Another standout characteristic of the BX80637I53470 is its support for Intel Smart Cache, which is an advanced caching technology. It provides a shared cache pool that enhances performance by reducing the time it takes to access frequently used data. This feature, coupled with Intel's instruction set architecture, allows for improved processing agility and efficiency across applications.

The processor is built on a 22nm manufacturing process, which results in reduced power consumption and heat generation compared to its predecessors. It has a thermal design power (TDP) of 77 watts, making it energy efficient while still delivering robust performance.

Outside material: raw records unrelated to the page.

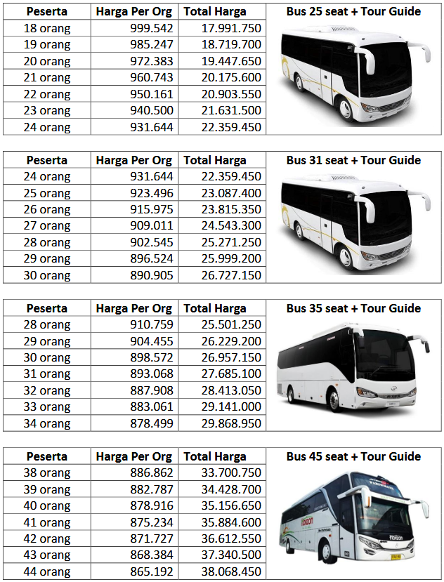 - Tip Supir Merangkap Guide (min. Rp75.000 / hari)
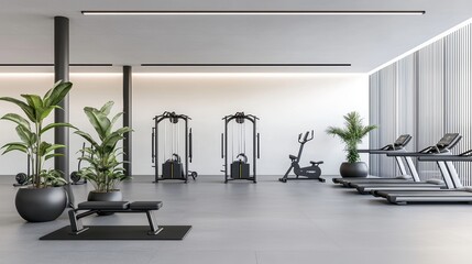 Modern gym interior with exercise equipment and spacious layout for fitness activities.
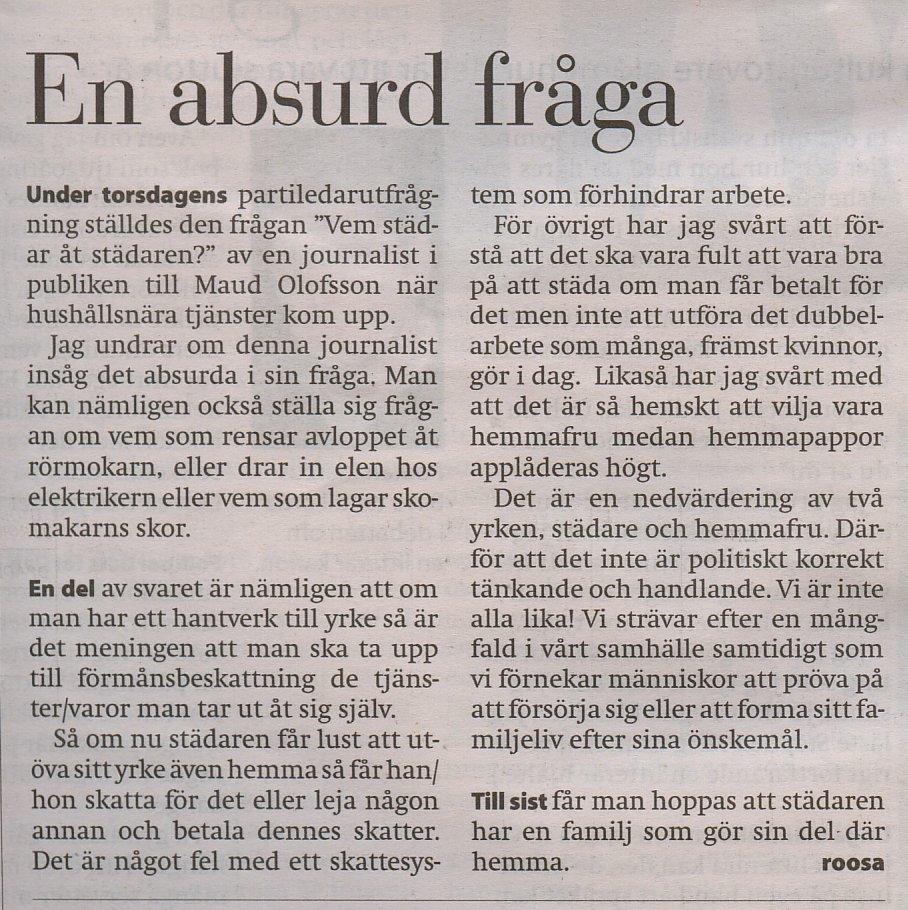 Gefle Dagblad Insändare 060904 Vem städar åt städaren?

Additionally, the Core i5-3470 supports DDR3 memory, with speeds up to 1600 MHz, enabling quick data retrieval and improved system responsiveness.

Security is another important aspect of the Intel i5-3470, featuring Intel Secure Key and Intel AES New Instructions (AES-NI), which protect sensitive data and enhance encryption performance.

In conclusion, the Intel CM8063701159502, or BX80637I53470, encapsulates modern computing technology with its powerful quad-core performance, integrated graphics, energy efficiency, and robust security features, making it a versatile choice for a wide range of computing tasks. Whether users are engaging in casual gaming, productivity tasks, or multimedia consumption, this processor demonstrates a solid balance of performance and efficiency, providing an excellent computing experience overall.